__Exercise requirements__. The answer must be an exact reprint of the lines from the one with "2017 Ranger Tug Sedan AC panel" through the final line of the data, with no pictures included.

__Source data__.
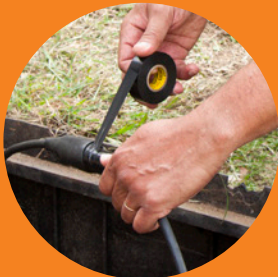
Moist and Corrosive Environments
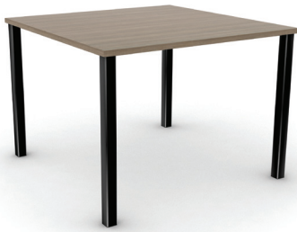
Black Metal Legs
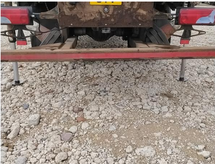
11: Bumper Rear Rusted Over 5mm
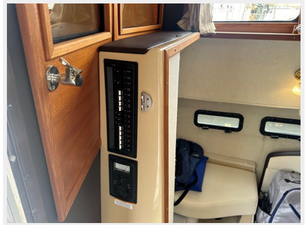
2017 Ranger Tug Sedan AC panel
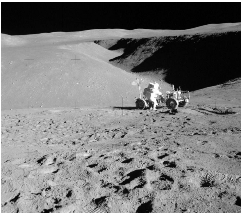
Yes it is! My favorite image from the space program! Hadley Rille – Apollo 15
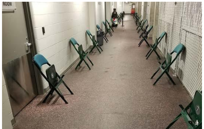
The seating area for Kin 1 is located in the hallway beside the ice surface. Seats are spaced two metres apart.
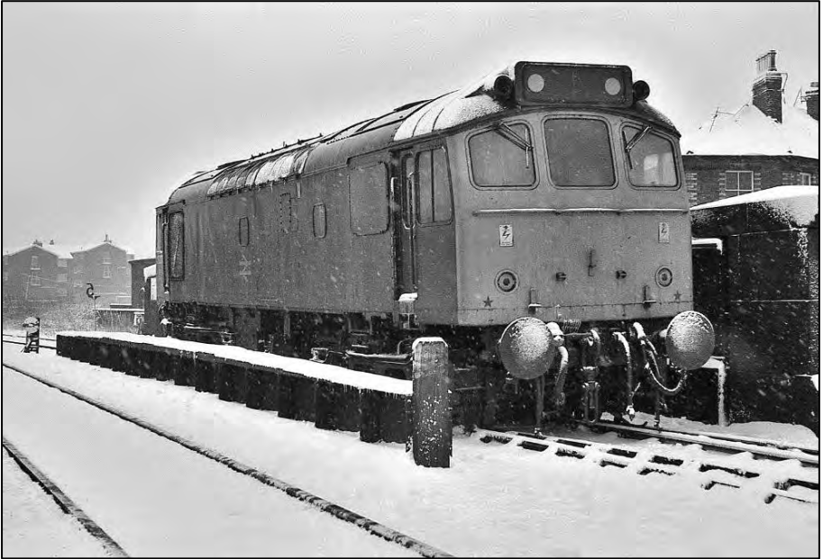
On a cold and snowy winters day class 25 locomotive number 25 277 is seen at Green Lane Junction. All is not as it seems as the locomotive was sitting on the ballast having become derailed when leaving Birkenhead Mollington Street depot.

__Finished exercise__.
2017 Ranger Tug Sedan AC panel
Yes it is! My favorite image from the space program! Hadley Rille – Apollo 15
The seating area for Kin 1 is located in the hallway beside the ice surface. Seats are spaced two metres apart.
On a cold and snowy winters day class 25 locomotive number 25 277 is seen at Green Lane Junction. All is not as it seems as the locomotive was sitting on the ballast having become derailed when leaving Birkenhead Mollington Street depot.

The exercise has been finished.